Alcuni anni fa, un uomo svenne in un angolo frequentato di una città. In pochi minuti, un’ambulanza lo trasportò nell’ospedale più vicino. Ogni tanto recuperava la coscienza e chiamava suo figlio. Nel suo portafoglio, l’infermiera che lo curava trovò una vecchia lettera, nella quale era scritto che aveva un figlio che era un soldato. destinato a 400 chilometri di distanza. Cosicché lo chiamò e gli chiese di venire immediatamente. 

Non appena il soldato arrivò, l’infermiera lo portò al letto dell’uomo e gli sussurrò: Suo figlio è qui! Suo figlio è qui! L’anziano aprì gli occhi e, benché non potesse riconoscere quel viso, notò la presenza del giovane in uniforme. Stendendo la mano con compassione, il giovane prese la mano dell’anziano e la tenne affettuosamente. Poi, l’infermiera lo invitò ad uscire per mangiare e bere qualcosa. Ma il giovane si rifiutò, chiese solo una sedia per potersi sedere vicino al letto dell’anziano e continuare a tenere la sua mano. Poco prima dell’alba, il paziente morì. Avvicinandosi al giovane, l’infermiera gli fece le condoglianze. Infermiera, balbettò, chi è quest’uomo? L’infermiera non poteva credere a quello che sentiva.
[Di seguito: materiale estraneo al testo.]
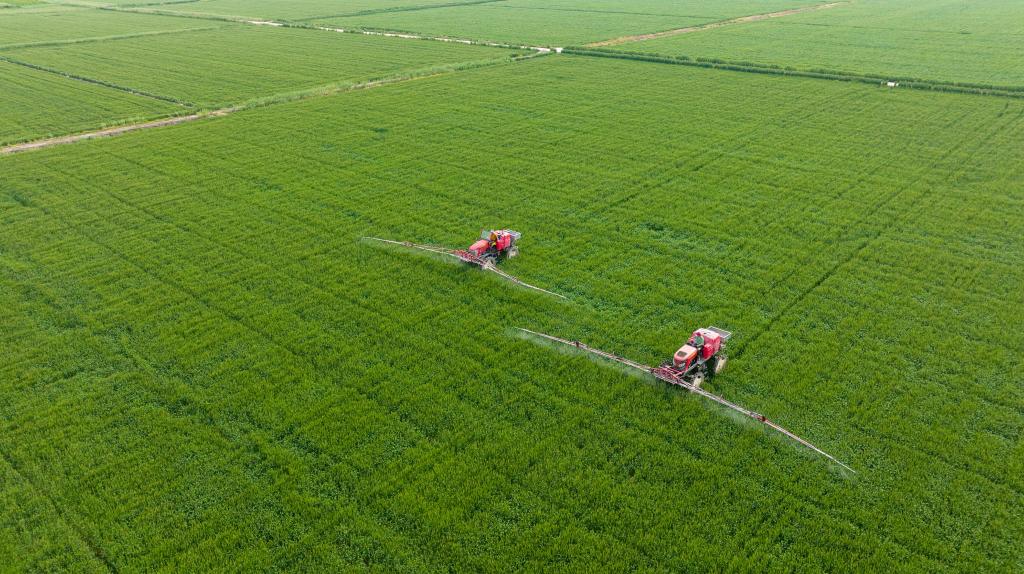 2022年4月20日,江蘇省海安市孫莊街道夏岔村一種植基地,村民駕駛植保機(jī)械在小麥田間作業(yè)(無人機(jī)照片)。新華社發(fā)(翟慧勇攝)
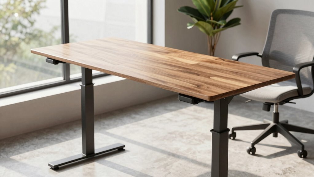 Have you ever worried about your standing desk wobbling while you work? It’s a common concern, especially if you rely on your desk for long hours. Stability isn’t just about avoiding distractions; it plays an essential role in ensuring you get the most ergonomic benefits from your setup. When your desk wobbles, it can cause strain on your wrists, shoulders, and neck, leading to discomfort and even long-term injury. That’s why, instead of getting caught up in fancy presets or high-tech features, you should prioritize a desk with solid stability. A stable desk provides a firm foundation, allowing you to focus on your work without constantly adjusting or worrying about balance issues. Additionally, desk stability directly impacts the safety and durability of your setup, preventing premature wear and potential damage over time. The importance of adjustable height cannot be overstated, but it’s equally necessary that the desk’s stability remains uncompromised at every setting. If your desk wobbles when you switch from sitting to standing, it defeats the purpose of having that flexibility. You want a desk that maintains its sturdiness regardless of the height. When you can confidently raise and lower your desk, you’re more likely to switch between sitting and standing throughout the day, which promotes better posture and reduces fatigue. However, all these ergonomic benefits are nullified if the desk isn’t stable enough to support your movements. Proper construction and materials are essential for ensuring long-term stability and durability, especially in adjustable models. Investing in a desk with good stability means paying attention to its construction and materials. Look for desks made with high-quality, reinforced frames that won’t shake or wobble under pressure. Features like wider bases, anti-slip pads, and robust locking mechanisms for adjustable height settings contribute considerably to overall stability. Additionally, choosing a desk with reinforced frames can significantly improve its stability by providing extra support and resistance to wobbling. It’s also wise to consider the design and engineering of the desk, as well-designed models are often engineered to minimize wobble even at maximum height. Good Stability is often achieved through thoughtful design and high-quality construction, which can prevent issues even after prolonged use. The key is to choose a desk where the adjustable height mechanism doesn’t compromise its sturdiness. A well-designed, stable standing desk allows you to adopt proper ergonomics effortlessly—your keyboard remains steady, your monitor stays at eye level, and your posture stays aligned. In the end, stability isn’t just a minor detail; it’s the foundation that supports all the ergonomic benefits you seek from a standing desk. Fancy presets and high-tech features may be appealing, but if your desk isn’t stable, they’re useless. Prioritize a sturdy, well-built desk that offers adjustable height without wobbling, and you’ll enjoy a healthier, more comfortable working experience. When your desk remains firm and reliable, you’re free to focus on what truly matters: your work and your well-being.

Perché? rispose sorpresa, pensavo fosse suo padre. Sinceramente, mio padre è morto da tempo. Non ho mai visto quest’uomo in vita mia. Allora, perché prima non ha detto qualcosa? domandò l’infermiera. Lo avrei fatto, rispose il giovane, ma vidi che era troppo malato per rendersi conto che io non ero suo figlio. Vidi anche che stava peggiorando rapidamente e che aveva bisogno della consolazione di suo figlio. Cosicché decisi di rimanere. La misericordia fa sì che l’amore e l’amore di Dio siano una realtà tangibile per qualunque essere umano afflitto.